改めて、本ダイアグラムは この特定のサービス構成に基づいたものであることを明記しておきます。この構成では Amazon EKS（Elastic Kubernetes Service） を使用していますが、Amazon ECS（Elastic Container Service） や EC2（Elastic Compute Cloud）でも構成できます。それぞれの特徴は以下の通りです。

• Amazon EKS
  • EKSは、KubernetesをAWS上でマネージドで運用できるサービスで、柔軟な構成やマルチコンテナ環境に対応できます。Kubernetes標準に従っているため、他クラウドやオンプレからの移行性にも優れています。
• Amazon ECS
  • ECSは、AWS独自のコンテナオーケストレーションサービスで、Dockerコンテナを簡単にデプロイ・管理できます。Fargateと組み合わせればインフラ管理不要で運用できますが、Kubernetesのような標準的なツールとの互換性はありません。
• Amazon EC2
  • EC2は、仮想サーバー（インスタンス）を自由に構築・管理できるサービスで、OS・ミドルウェア・アプリケーションまでフルカスタマイズが可能です。柔軟性が高い反面、サーバーの起動・監視・スケーリングなどを自前で管理する必要があります。

それぞれのサービスには異なる特徴と利点があり、どれが最適かはシステムの用途や運用体制、セキュリティ要件、スケーラビリティのニーズによって異なります。構築にあたっては、それぞれの特性を理解したうえで、サービスの性質やセキュリティ要件と照らし合わせて柔軟に選択・設計することが重要です。

データの所在とセキュリティのポイント（まとめ）

Dify on AWSにおけるデータセキュリティは、以下の主要なポイントで強化されています。

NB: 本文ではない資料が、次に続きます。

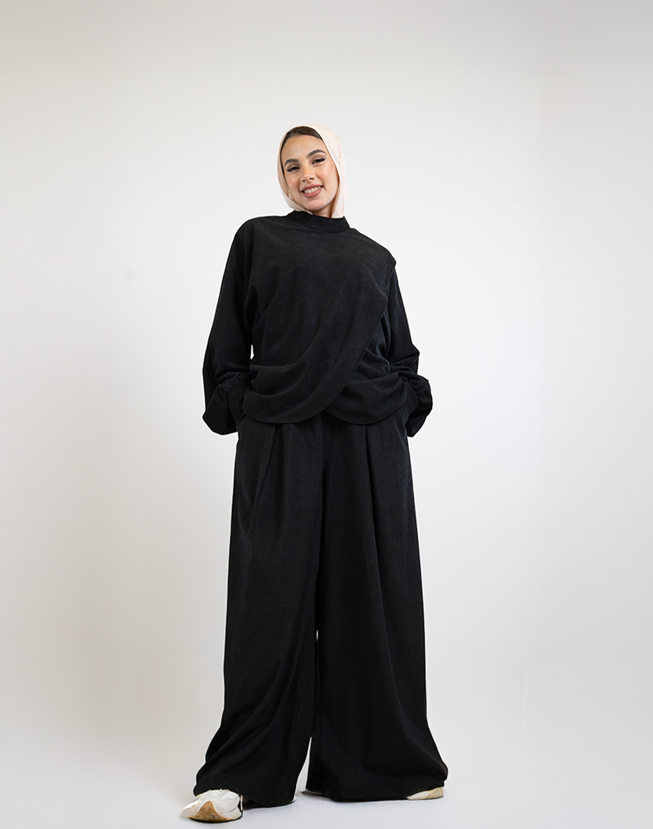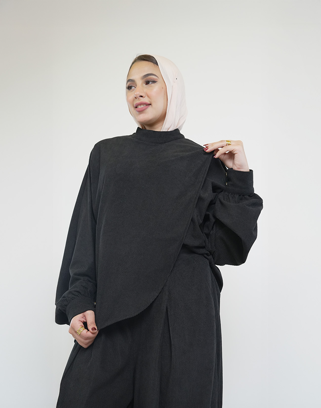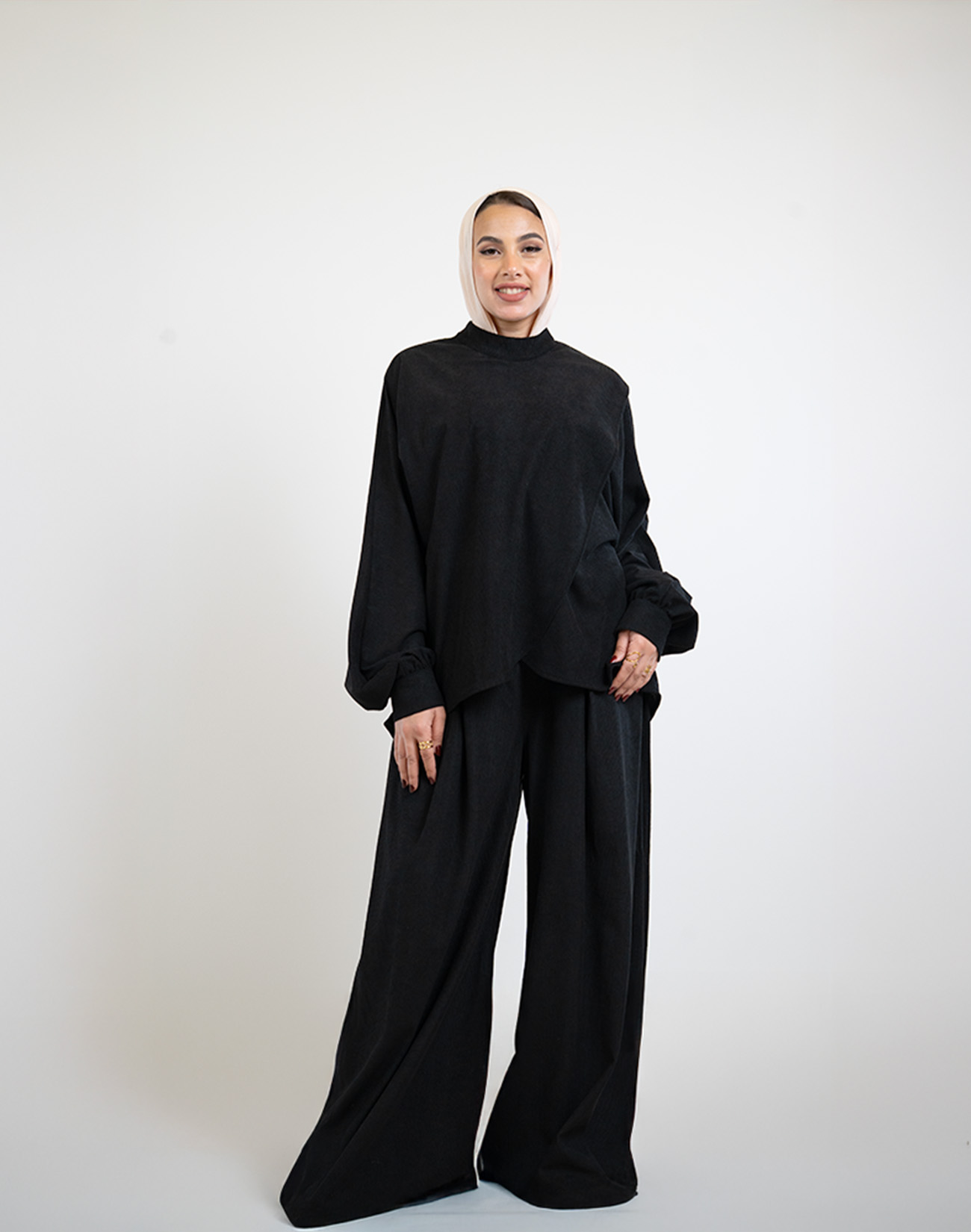 Two-piece set featuring a croisé (wrap-style) detail and matching trousers. One size for easy styling.
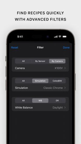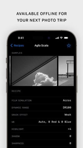 1、该应用程序支持富士X每周,您可以通过成为赞助人来充分利用富士X每周-电影配方应用程序!此外该应用程序还提供了ISO自动和最高ISO6400的选项,以及快速查找与您的相机兼容的胶片模拟配方的功能。
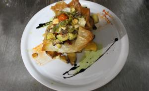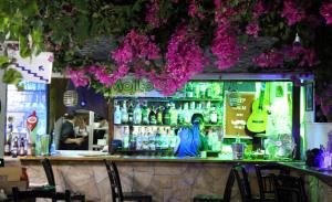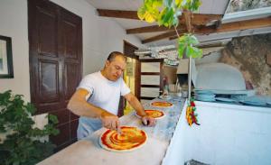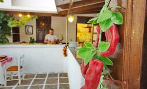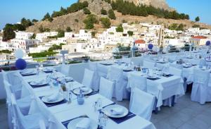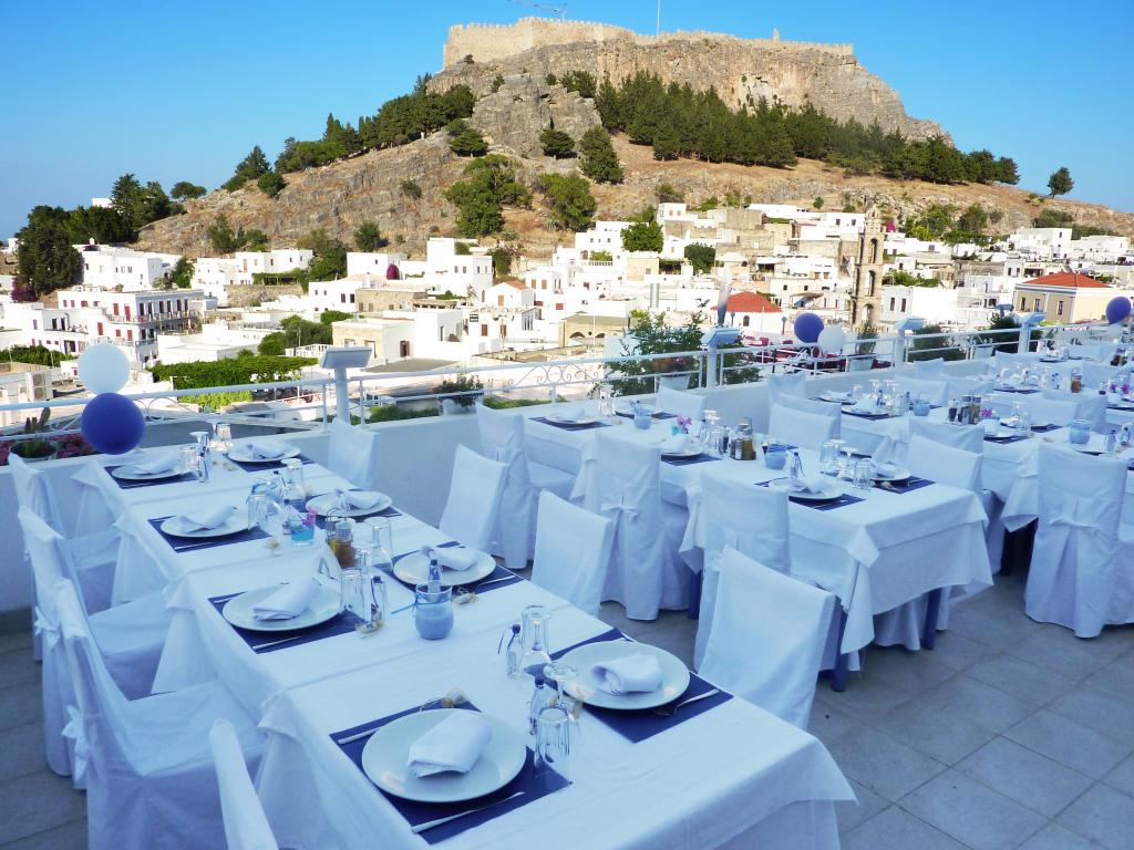 Τα μυρωδικά μας (δυόσμος, δεντρολίβανο, βάγια, ρίγανη κλπ.) καλλιεργούνται στον κήπο μας. Ο μάγειράς μας χρησιμοποιεί παρθένο ελαιόλαδο δικής μας παραγωγής. Τα λαχανικά μας προέρχονται από τοπικούς παραγωγούς, κατά το πλείστον οργανικά. Τα κρεατικά μας προέρχονται από το οικογενειακό μας κρεοπωλείο στη Λάρδο, τα περισσότερα δε, από την οικογενειακή μας φάρμα. Τα ψάρια μας είναι πάντα φρέσκα, από την θάλασσα του Αιγαίου. Το ψωμί μας παρασκευάζεται και ψήνεται στον ξυλόφουρνο, όπως και πολλά από τα προσφερόμενα κρέατά μας. Επίσης, στον ξυλόφουρνο ψήνεται και η παραδοσιακή μας ιταλική πίτσα. Φανταστική θέα, μπαλκόνι στο Αιγαίο, με την Ακρόπολη και την παραλία της Λίνδου να συνθέτουν ένα υπέροχο, ρομαντικό σκηνικό.

• VPC内での処理: ユーザー入力データの主要な処理（APIロジック、RAG処理、データベースへの保存）は、セキュリティグループやNACLで保護されたVPC内のプライベートサブネットで行われます。これにより、インターネットからの直接的な脅威を大幅に軽減します。
• 外部との通信の保護:
  • ユーザーとの通信は HTTPS で暗号化され、CloudFrontとWAFによって保護されます。
  • 外部API（LLMプロバイダーなど）との通信も、NAT Gateway経由でセキュアなHTTPSで行われます。NAT Gatewayはプライベートサブネットのリソースを保護しつつ、必要なアウトバウンド通信のみを許可します。
• データの永続化と暗号化: 会話履歴やベクトルデータは、VPC内の RDS Aurora Postgres Cluster に暗号化されて保存されます。ナレッジベース用のドキュメントは S3 に暗号化されて保存できます。
• 機密情報の安全な管理: APIキーなどの認証情報は Secrets Manager で安全に管理・利用されます。
• 厳格なアクセス制御: 各AWSサービスへのアクセスは IAMロール や ポリシー、セキュリティグループ によって最小権限の原則に基づいて厳密に制御されます。

利用ログの確認

Difyアプリケーションの利用状況やデータの流れを確認するためのログは、以下の方法で参照できます。

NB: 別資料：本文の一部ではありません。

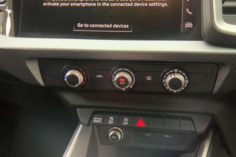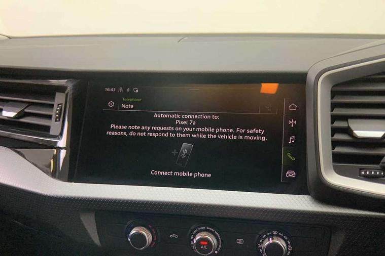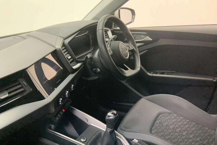 10.25" Digital instrument cluster display classis style instrument dials + speed, odometer, time, outside temperature, telephone menu + fuel level warning, Audi drive select - power steering assistance + engine, Audi smartphone interface with connect compatible smartphone via USB directly MMI display + Nav, music, third party apps controlled via MMI controller, Automatic start/stop system, Bluetooth interface, Cruise control, Driver's information system, Electromechanical power steering, Emergency e-call, Lane departure warning system, Rear parking sensor, Service interval indicator, Speed limiter, Voice control system, Washer fluid level indicator, Dynamic suspension, 2 x USB type C connection points, 6 passive loudspeakers, DAB Digital radio, MMI radio plus with 10.1" colour MMI display screen and MMI touch, Auto dimming rear view mirror, Body coloured bumpers, Body coloured door mirrors, Electric front and rear windows, Electrically adjustable, heated, folding door mirrors with integrated LED side indicator, Front side air inlets in grained matt black and C frame in anthracite black, Heat insulating glass windscreen and side windows, Heated rear windscreen, High level LED brake light, LED headlights with LED rear lights + dynamic rear indicators + headlight adjustment and high beam, turning light + LED daytime running lights, Radiator grille and rear diffuser in matt anthracite black, Radiator protective grille frame in matt aluminium silver, Rain and light sensors, Rear fog lights, Rear side wing doors, Rear wiper, Side front spoiler lips in grained matt black, 12V socket in centre console with two cup holders, 3 rear seats with headrests, 3 seat bench in 2nd row, 3 spoke leather multifunction plus steering wheel, 40:60 Split folding rear seat or folded fully, Black front and rear floor mats, Door sill trims with aluminium inlay, Driver and passenger seat with manual height adjust with forward and backwards adjustment, Front head restraints, Front passenger seat, Grey cloth headlining, Height and reach adjustable steering wheel, ISOFIX child seat mounting for front passenger and outer rear seats including top tether attachment point of outer rear seats, Leather gear knob with aluminium trim, Leatherette handbrake grip, Luggage compartment light with front and rear reading lights, Manual air conditioning, Manually adjustable lumbar support in front seats, Novum cloth upholstery with front sport seats, Luggage compartment pack - A1, 3x3 point rear seatbelts, Audi pre-sense front with pedestrain and cyclist recognition, Brake assist function, Driver and front passenger airbag with front side and head airbags, Electronic Stability Control including ABS, EBD, ASR and EDL, Front passenger airbag deactivation switch, Hill hold assist, Manual rear child locks, Seatbelt height adjustment for front seats, Seatbelt monitoring, Tyre pressure warning light, Warning triangle and first aid kit, Anti theft alarm, Anti theft wheel bolts and loose wheel warning, Immobiliser, Remote central locking with 2 foldaway keys, Aluminium trim for control switches, air vents and digital instrument cluster, Black dashboard, Silver grey accent areas including air vents, door handle recesses and centre console in diamond paint finish, Slate grey inlays polygon structure in fine paint finish,
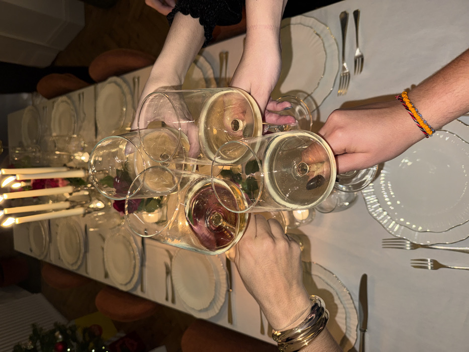 - "A close-up overhead shot shows a celebratory table setting with champagne flutes being clinked together" by FM-OZmdD3, licensed under CC BY 4.0
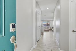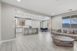 This 3-bedroom, 2.5-bathroom home is located in a desirable gated community and offers stylish living with thoughtful design. The main level features custom tile flooring and a chef's kitchen complete with white cabinetry, stainless steel appliances, and a striking waterfall quartz island. Upstairs, all bedrooms and the laundry room are conveniently located. The private primary suite is separated from the secondary bedrooms and includes an oversized closet along with a bathroom featuring a separate tub and shower. The fully enclosed backyard with spa is surrounded by a block wall, providing added privacy.
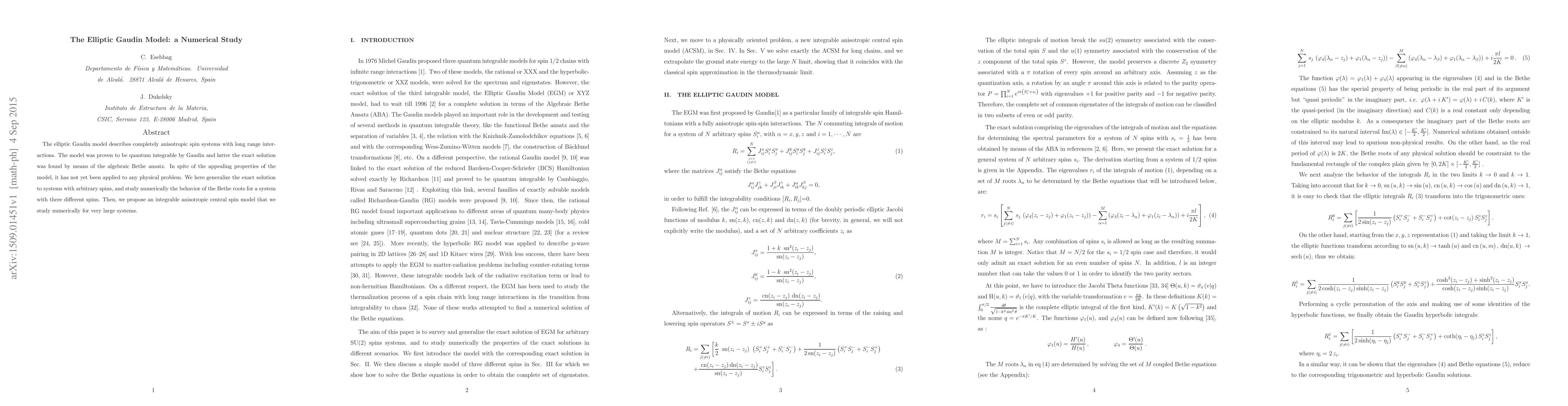 The elliptic Gaudin model describes completely anisotropic spin systems with long range interactions. The model was proven to be quantum integrable by Gaudin and latter the exact solution was found by means of the algebraic Bethe ansatz. In spite of the appealing properties of the model, it has not yet been applied to any physical problem. We here generalize the exact solution to systems with arbitrary spins, and study numerically the behavior of the Bethe roots for a system with three different spins. Then, we propose an integrable anisotropic central spin model that we study numerically for very large systems.
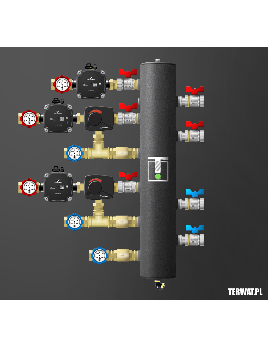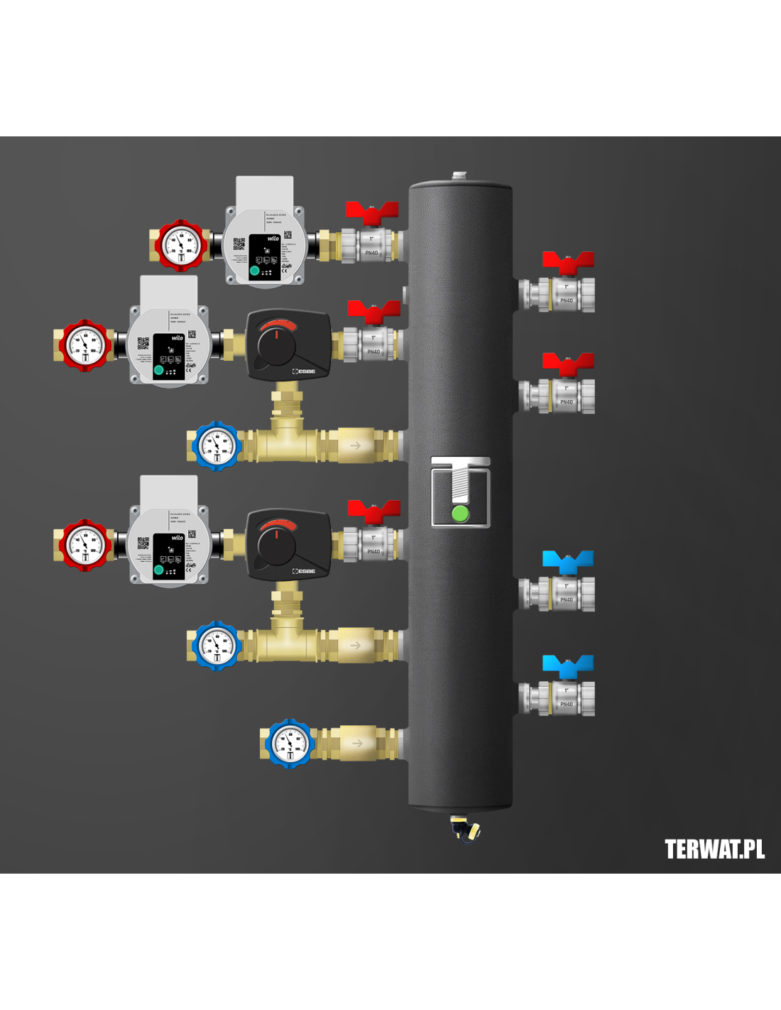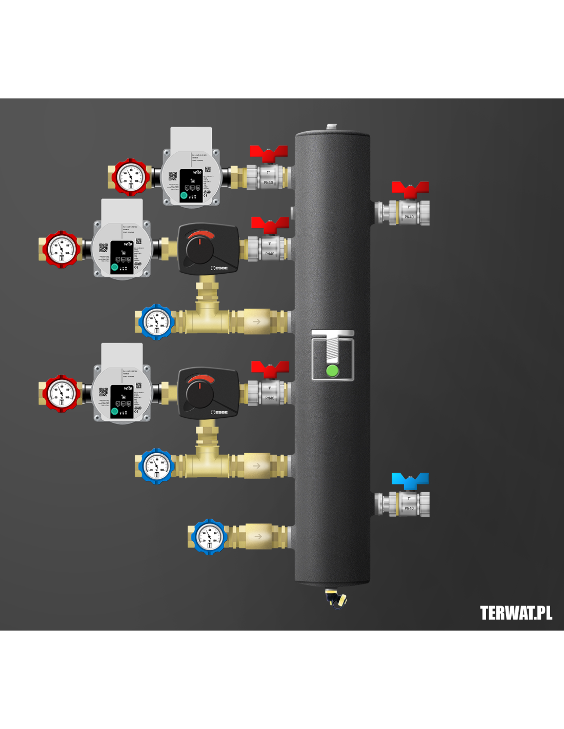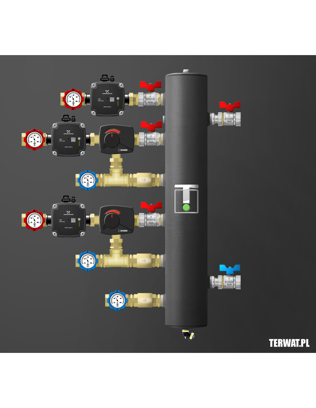 Kompletny zestaw sprzęgła hydraulicznego z trzema obiegami – jeden bezpośredni, dwa z zaworem obrotowym z siłownikiem ESBE ARA 661. Ilość źródeł ciepła do wyboru. W komplecie zawory odcinające 1”, pompy Grundfos UPM 3 AUTO L 15-70 (lub WILO Para), termometry bimetaliczne, odpowietrznik, zawór spustowy, zawory zwrotne na powrocie. Kompletny zestaw do montażu w kotłowni. Montaż w pionie i poziomie. Wersja prawa na zamówienie. Na życzenie zamontujemy kompletną grupę ochrony powrotu kotła stałopalnego z regulowanym zaworem temperaturowym ESBE w zakresie 50-70 st lub grupę ładowania sprzęgła.

• RDS Aurora Postgres Cluster: SQLクエリを実行することで会話履歴を参照できます。
• Amazon CloudWatch Logs: ECS Fargateで稼働するDifyアプリケーションのログや、ALBのアクセスログなどを集約・分析できます。
• Difyアプリケーション内のログコンソール: Dify自体が提供する管理画面から、アプリケーションレベルのログを確認できる場合があります。

APIデータとプライバシー

ここでは外部プロバイダーを用いたAPI経由でのデータの送受信において、クラウドプロバイダー経由（AWS Bedrock）とLLM提供企業から直接やり取りする場合を比較して、データがどのように扱われるかを深堀ります。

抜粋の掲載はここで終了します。